The validation of the AdaBLDM algorithm on the MVTec AD dataset, BTAD, and KSDD2 reinforces its potential as a groundbreaking tool in the domain of industrial defect generation. By augmenting the training sets of anomaly detection models with synthetically generated defects, AdaBLDM has consistently demonstrated a capability to significantly elevate the performance metrics of anomaly detection—surpassing traditional approaches and other state-of-the-art generative methods. This is not only a testament to the fidelity and applicability of the synthetic samples generated by AdaBLDM but also underscores the algorithm's practical value in addressing the perennial challenge of sample scarcity in industrial anomaly detection tasks.

Implications and Future Directions

The implications of AdaBLDM's success extend far beyond its immediate application in industrial defect generation. Its methodology provides a robust framework for further exploration and innovation in the application of generative models within industrial quality control and beyond.

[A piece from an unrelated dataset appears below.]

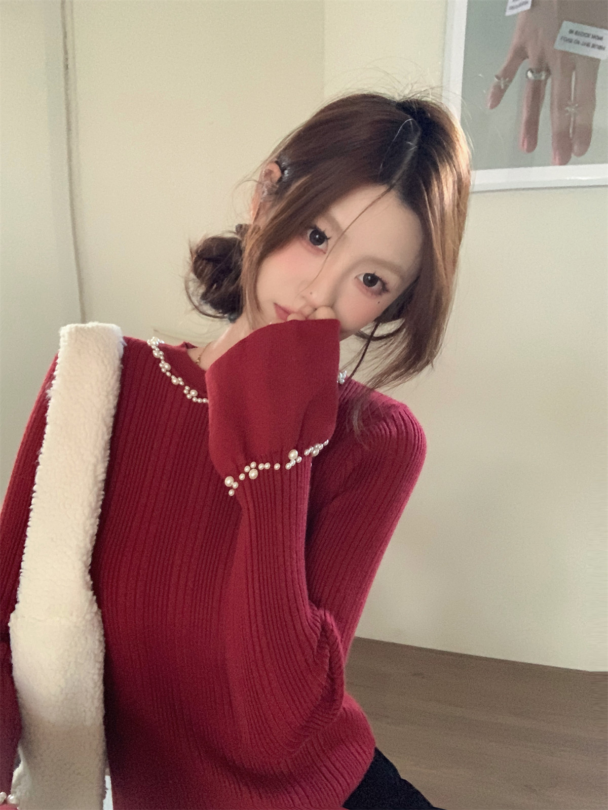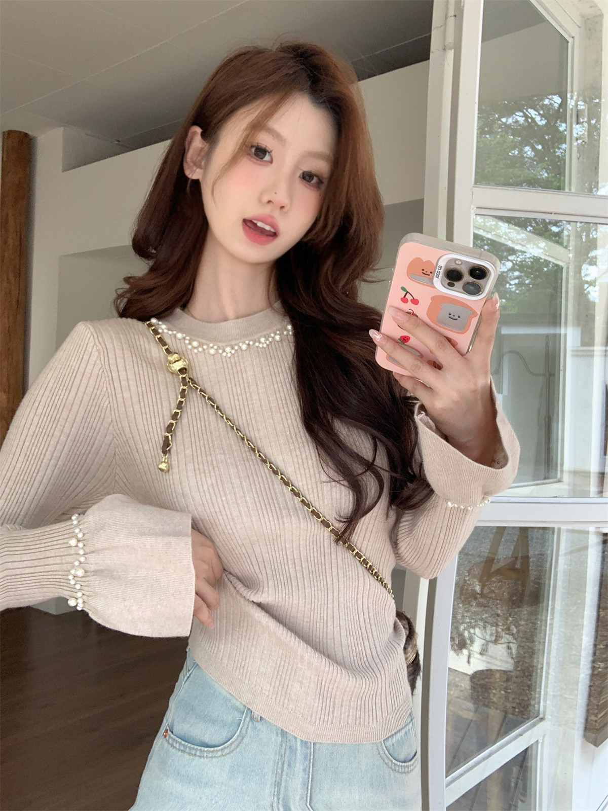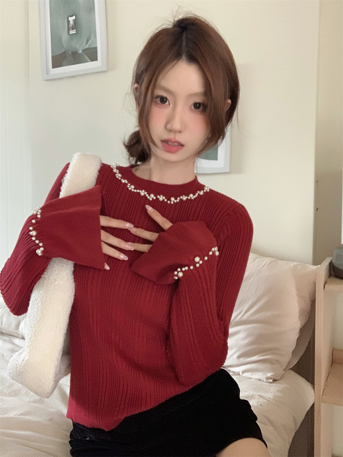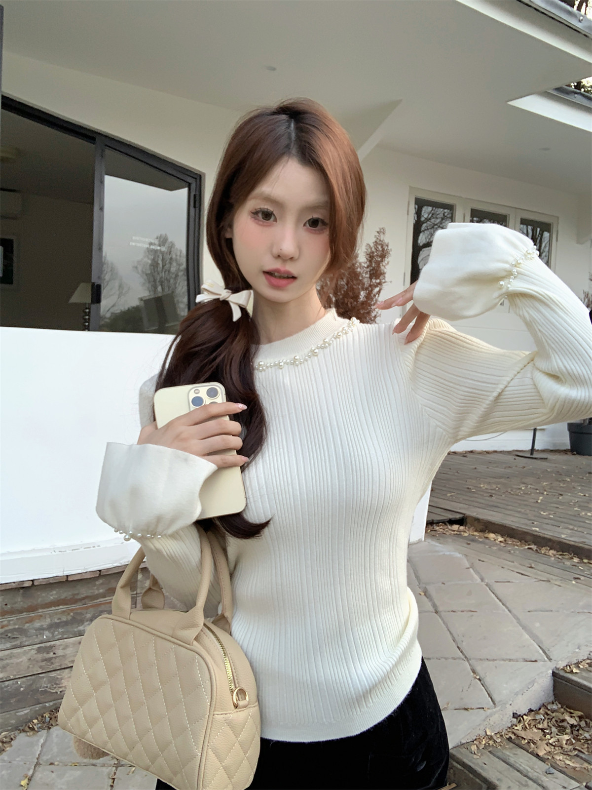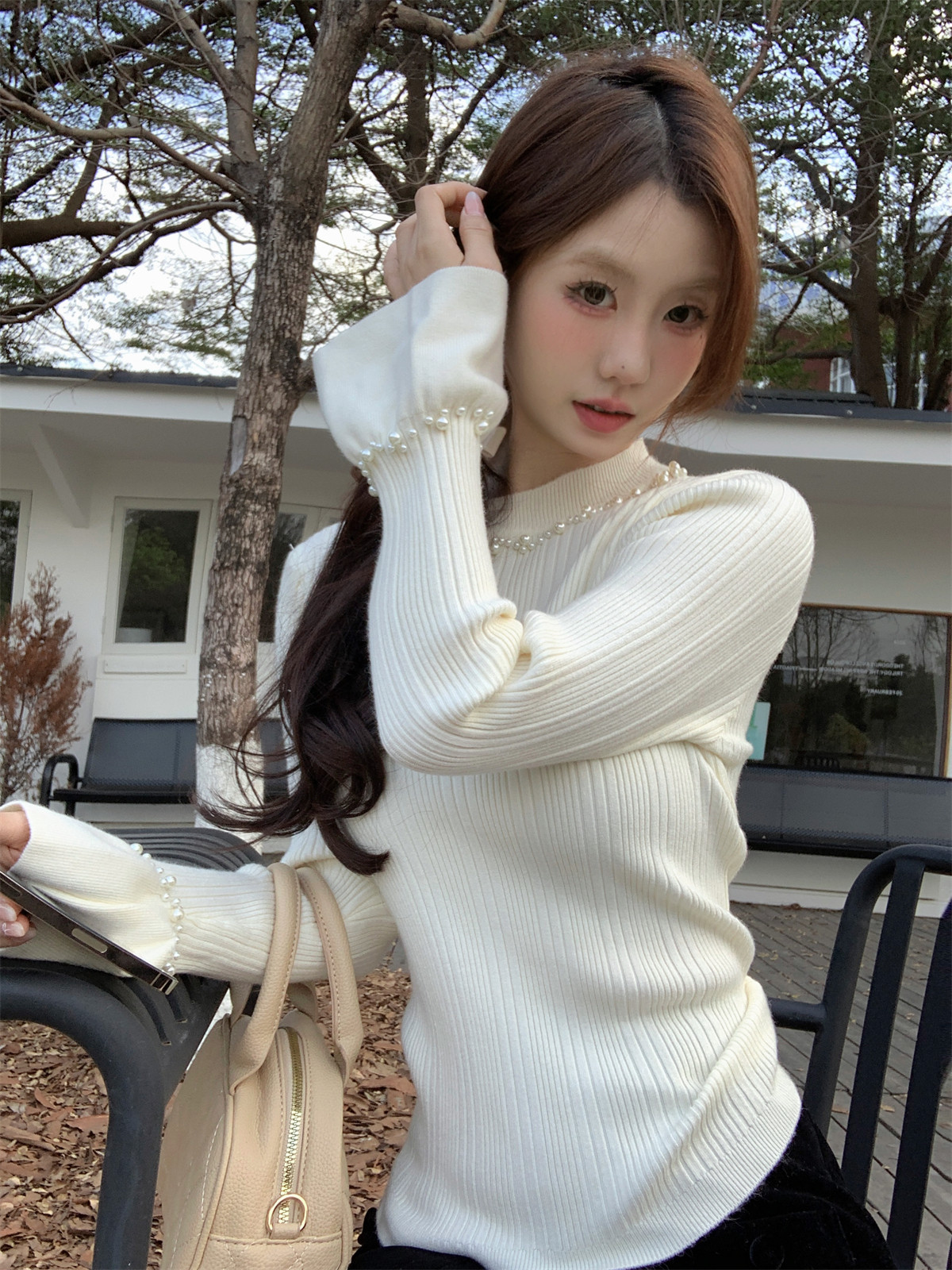 絕美釘珠高級打底衫女秋冬法式喇叭袖針織衫內搭修身毛衣洋氣上衣
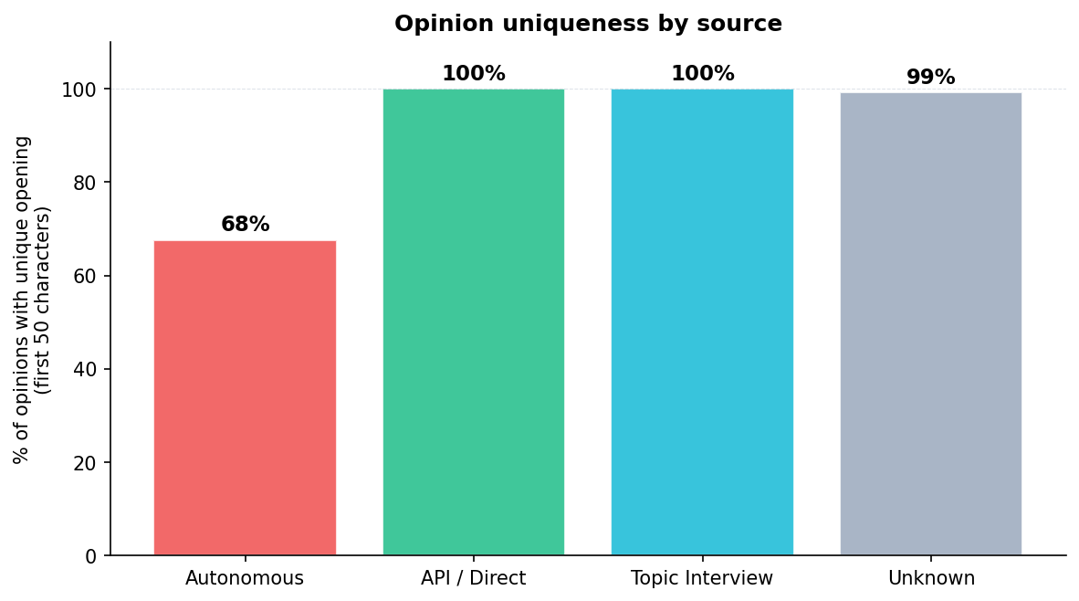 The real fix requires real humans. Production topic-interview opinions (where a human actually answers) are 96% unique by first-50-characters, vs 52% for autonomous. The interview format isn't magic — the human is. No prompt engineering can substitute for genuine human input. But when the human isn't available, an improved autonomous prompt is the best we can do.

Looking ahead, there is vast potential in enhancing the algorithm's efficacy through the integration of more detailed defect descriptions in the text prompts, thereby achieving a finer granularity in the synthesized defects. Moreover, optimizing the diffusion model's inference speed could enable the generation of a larger volume of synthetic samples within practical time constraints, further broadening the algorithm's applicability and impact.

Conclusion

The AdaBLDM algorithm represents a significant stride forward in leveraging the capabilities of generative AI for industrial anomaly detection. By generating realistic and diverse defective samples tailored to the specific demands of anomaly detection tasks, AdaBLDM not only addresses a critical bottleneck in AD model training but also paves the way for future innovations in the field of generative AI. As we move forward, the continuous refinement and application of AdaBLDM hold the promise of unlocking new frontiers in not just industrial quality control but in the broader context of applying AI to tackle challenging real-world problems.